Let’s see how we can translate the FLICC framework to CDR criticism by going through the different techniques one by one starting with false experts.
What are fake experts?
Fake experts convey the impression of expertise without possessing any actual relevant expertise. Say a data scientist pretending to be a climate scientist - or the other way around. The issue is made even worse if it is a large number of seeming experts that cast doubt on the scientific consensus.
Why is this a problem?
Expertise in one field does not mean one has expertise in another. The idea is rather obvious translated into everyday life: you wouldn’t want your plumber doing vascular surgery on you though they are undoubtedly good at removing stuff from small pipe-like things.
How this has been used successfully by climate change deniers
The Global Warming Petition Project lists over 31,000 Americans with a science degree who state that humans aren’t causing climate change. Impressive, right? Must be something to it if so many scientists have doubts.
(On a side note: the 90s called, they want their website design back.)
Not so fast, the problem lies with what it takes to be on the list: a degree in science, any science, e.g. computer science, cancer research, engineering, physics, veterinary medicine, etc. No disrespect to all of these professions but their take on climate change is irrelevant - yet they make up 99.9% of the people on the list and the way this is presented makes us think they are all scientists who are qualified to speak about the topic of climate change.
False experts in CDR
We do see false experts in CDR popping up. Examples include individuals who voice strongly critical positions about CDR and use their Ph.D. or Dr. title, e.g. in their Twitter handles. They at least accept that they are (falsely) perceived as being an expert on carbon removal even if their specialty is medieval Spanish architecture or foot surgery. Doing this isn’t lying or making an outright false claim but clearly, people applying this technique are okay with - or hope for - others assuming they have relevant expertise when they don’t.

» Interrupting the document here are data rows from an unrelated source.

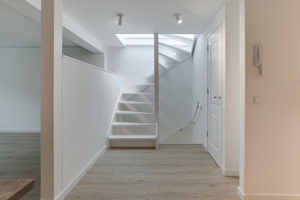 Gezamenlijk entree (in totaal 2 appartementen) welke ruim is opgezet met riante berging (passend voor meerdere fietsen) in de hal, meterkast en lange gang naar de trap naar boven;
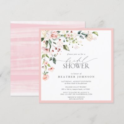 Elegant Pink Watercolor Floral Bridal Shower Invitation
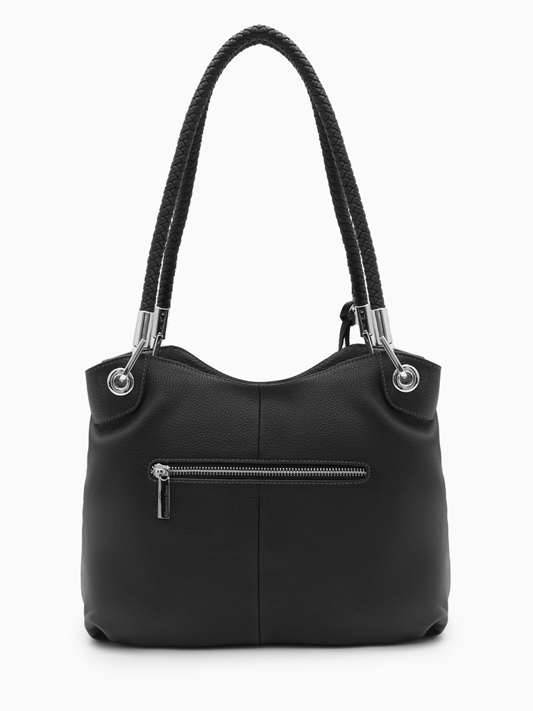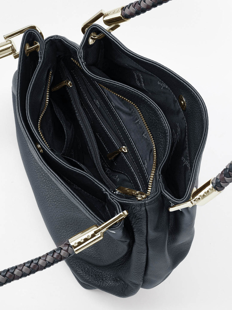 Шоппер с длинными плетёными ручками от Alessandro Beato из кожи черного цвета Длина сумки Алессандро Беато (Alessandro Beato) - 29 см (по дну), 24 см (по верхнему краю), ширина по дну - 13 см, высота ... Показать описание- 25 см, общая высота с ручками - 42 см. Сумочка состоит из трех автономных отделений, центральное закрывается на молнию, боковые на магнитные кнопки. Внутри сбоку отделение на молнии, карманы для мелочей. Снаружи сзади карман на молнии. Сумочка носится на плече или на сгибе руки. Удобная практичная повседневная сумочка!
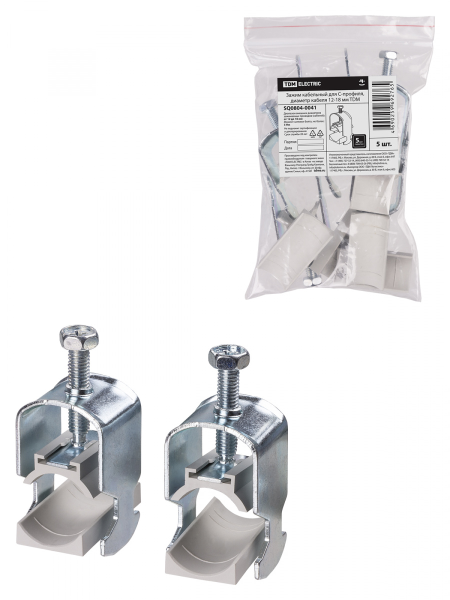 - Зажим кабельный для С-профиля, диаметр кабеля 12-18 мм TDM (5/300) (SQ0804-0041)
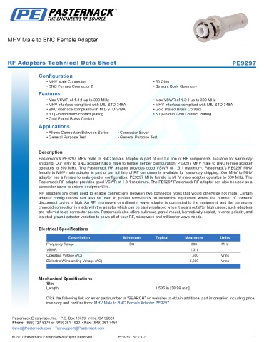 inventory and certifications: MHV Male to BNC Female Adapter PE9297
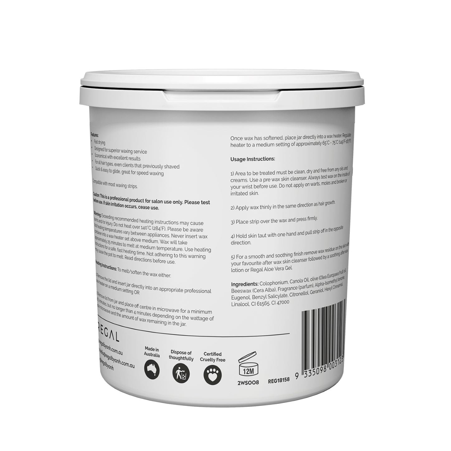 Regal by Anh Barely There Australian Olive Oil Strip Wax Microwaveable 800ml
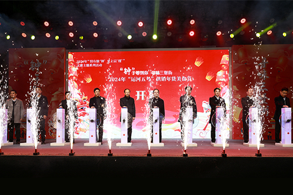 活动最后,随着薛建忠等领导上台进行开幕仪式,“钟”于等到你 寻味三堡街—2024年“运河五号”供销年货美食节正式开幕。
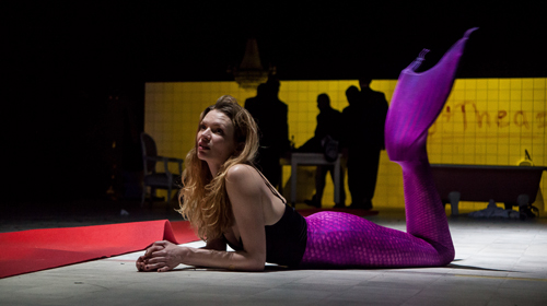 Hysterie bestimmt das Wesen dieser norwegischen Kunstfiguren. Alles ist irgendwie auch Lüge. Sie belügen sich wissentlich, haben aber weder ihre Sprache, noch ihre Gesten unter Kontrolle. Am schlimmsten ist ihr inneres Wesen, es kehrt sich nach außen, es wimmert, es muss in Handtaschen beißen oder an anderen Körpern riechen. Dann schleppt sich Lise Wolle mit ihrem langen Fischschwanz herein, kriecht durch drei Zimmer, trinkt aus der Toilette und landet auf einem Klinikbett im hintersten Neonlicht-Winkel – hier wird ihr von Jörgen wortlos der Schwanz entfernt und richtige Beine angebracht. Ein Raum mit einer Batterie Waschbecken und Pissoirs. Dann sieht man sie lasziv über einem Sessel hängen, sie würgt sich, bis sie luftschnappend am Boden liegt: Hallo Tante Juju. Hallo Hedda Tesman. Nichts ist so normal wie diese Gesellschaft. Regisseurin Kitsopoulou hält das Tempo und die Choreo hoch, manchmal wirken die Ideen zu spaßbetont, Ibsen kurz konterkariert mit Boulevardbühnenklamauk, dann wird‘s wieder so brutal artifiziell. Marilyn Monroe nackt in der Badewanne. Hedda in der Uniform des Vaters, mit seiner Pistole. Mit ihr wird sie ihren Ex Ejlert Løvborg der unvermittelt ihren Wohlstand bedroht in den Selbstmord treiben. Ist es der ersehnte Wohlstand, der sie in diese Lage gebracht hat? Das Bild trügt. Sie ist nur eine Fiktion aus der Vergangenheit: „Ich bin eingesperrt in 1890. Mein Salon ist mein Sarg.“ Das kotzt sie an – all diese Noras und all diese Dreiecksgeschichten. Alte Männer mit Schwanzproblemen. Doch diese Dämonen sind wehrhaft. MeisterIbsen himself erschießt Hedda am Schluss in der Badewanne, hinter einem danach blutüberströmten Vorhang zu Misirlou & Surf Riders Pulp Fiction-Theme. Kein Wunder es ist eine Pistolenkugelorgie.„Ich hab gesagt: verdammt nochmal! Verdammt nochmal... verdammt!“ Genau. Super Kunstkacke.
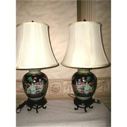 <tr><td>Title:Earthenware Teak Lamps Hand Painted C.1920</td></tr>

Using fake experts is a nefarious technique, it is highly effective and can be hard to counter because it is hard to prove intent.
“Hey, you used your title to make me believe you are a climate scientist, but you are not.”
“Not my problem what you think. I never said I was a climate scientist.”
With fake experts, LinkedIn is your friend. A quick search usually reveals whether the person bashing CDR has any relevant background or not. The question remains what to do and that depends very much on the situation and could include asking what the person’s expertise in climate science is and/or pointing out to others what the person’s specialty is so they aren’t left with the wrong impression.